История была любовная. В глубине моей памяти сохранилось какое-то смутное впечатление, похожее на запах, который чует охотничья собака, рыща на том месте, где побывала дичь.
Однако мало-помалу туман стал проясняться, и перед моими глазами всплыло лицо девушки. Потом внезапно, как взрыв ракеты, в ушах прозвучала фамилия: мадмуазель де Мандаль. И тогда я вспомнил все. Эго была действительно любовная история, но самая банальная. Когда я встречался с этим молодым человеком, девушка была влюблена в него и шли толки о близкой свадьбе. Он тоже казался очень увлеченным, очень счастливым.

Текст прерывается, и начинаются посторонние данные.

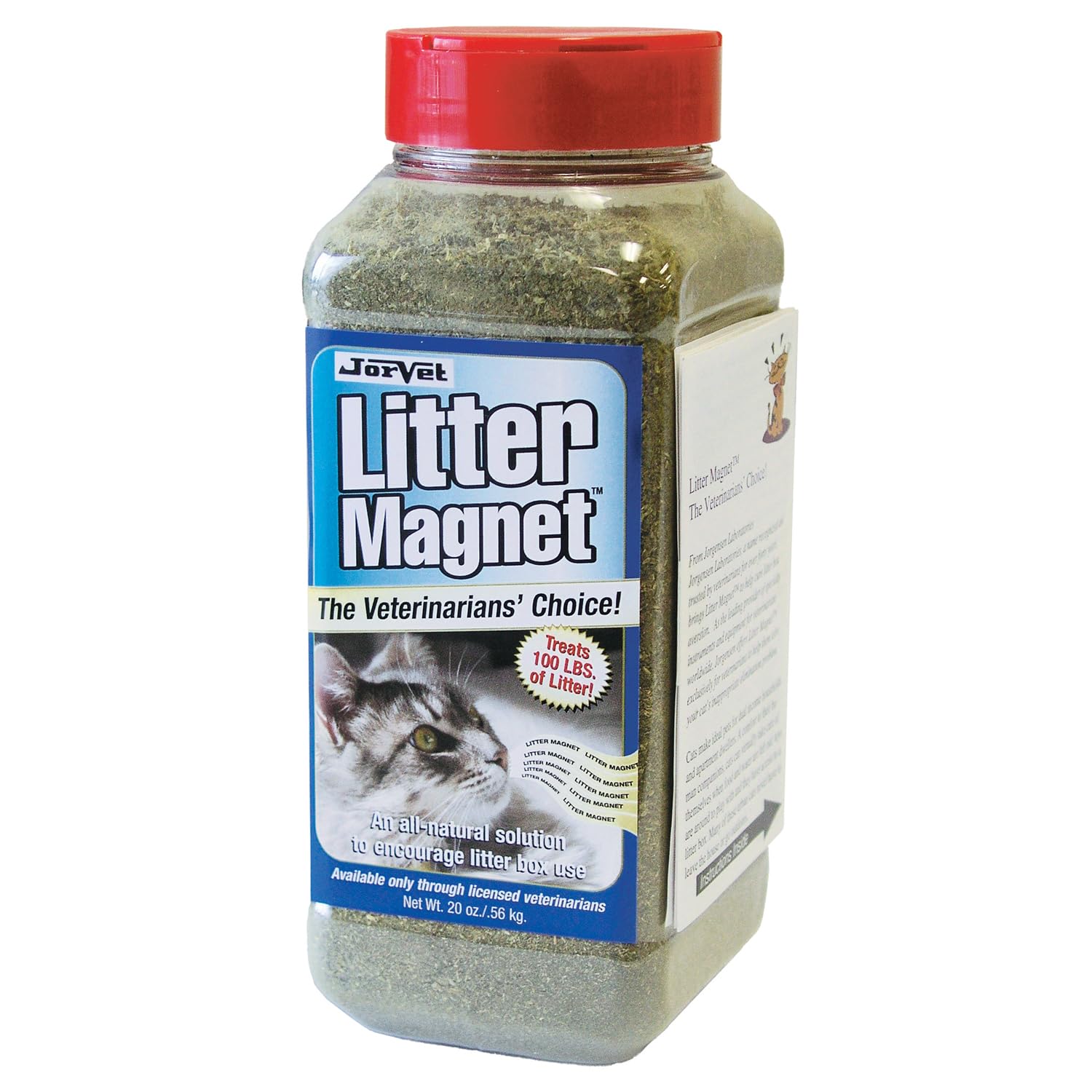 An all-natural solution to encourage litter box use. Litter Magnet will assist you in treating the most troubling behavioral problem a cat can have. 'Inappropriate Elimination' i.e. non use of litter box. Often this problem is not medical and cannot be treated with medication. Treatment becomes a consultation with the pet owner representing time spent for which it is often difficult to be compensated. Litter Magnet and its supporting brochure will give you a product that can be prescribed with a tested solution that will help your customer get their cat back to the box An all-natural herbal product Litter Magnet uses its rich earthy fragrance to attract the cat to its litter box. Once the cat goes to the box. With Litter Magnet you can address a behavior problem and be able to prescribe a solution. You have also made a pet owner happy and possibly kept the cat out of a shelter or from being abandoned. Litter Magnet (Jorvet Product No.J1001) 20 oz. bottle with a shake and pour lid Treats 100 pounds or more of clumping/scoopable clay litter A client education brochure is provided with each bottle 6 bottles per case.
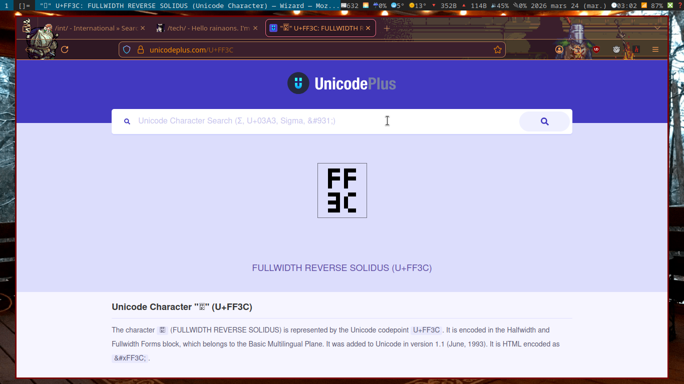 Does copying the ff03 character from your browser into the terminal or any other GUI software render it? (lowriter, xed, gedit)
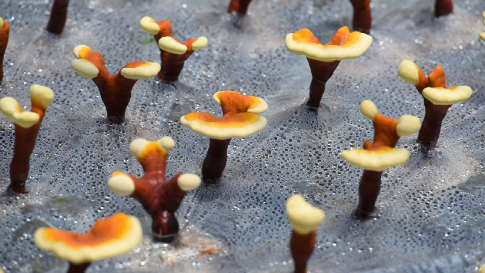 走進靈芝基地,一排排整齊的大棚嚴整壯闊,與四周連綿的青山相映成趣,棚內一棵棵靈芝整齊排列,朵朵嫩蕾色彩嬌艷,構成了一幅美麗的夏日畫卷。黃總介紹:這塊基地面積20畝,菌棒已開始發(fā)芽,正處于菌桿生長階段。沈業(yè)壽教授考察后指出:現(xiàn)蕾階段的靈芝需要精心觀察護理,防止雜菌感染。

Я поднял глаза к сетке, где вздрагивали от толчков поезда свертки, принесенные слугой соседа, и голос слуги снова раздался в моих ушах, как будто бы он еще не смолк.
Он сказал:
«Все здесь, сударь. Пять мест: конфеты, кукла, барабан, ружье и паштет из гусиной печенки».
Тогда у меня в голове мгновенно возник и развернулся весь роман. Он похож был на все читанные мной романы, где жених или невеста вступает в брак со своей нареченной и нареченным, несмотря на физическую или денежную катастрофу. Итак, после конца кампании этот искалеченный на войне офицер вернулся к помолвленной с ним девушке, и она, верная своему обещанию, вышла за него замуж.
Мне казалось, что это прекрасно, но банально; так кажутся банальными все жертвы и развязки в книгах или в театре. Когда читаешь или слышишь о таких примерах великодушия и благородства, думается, что и сам можешь принести себя в жертву с восторженной радостью, с великолепным порывом. А на другой день, когда приятель, у которого плохи дела, попросит денег взаймы, приходишь в очень скверное расположение духа.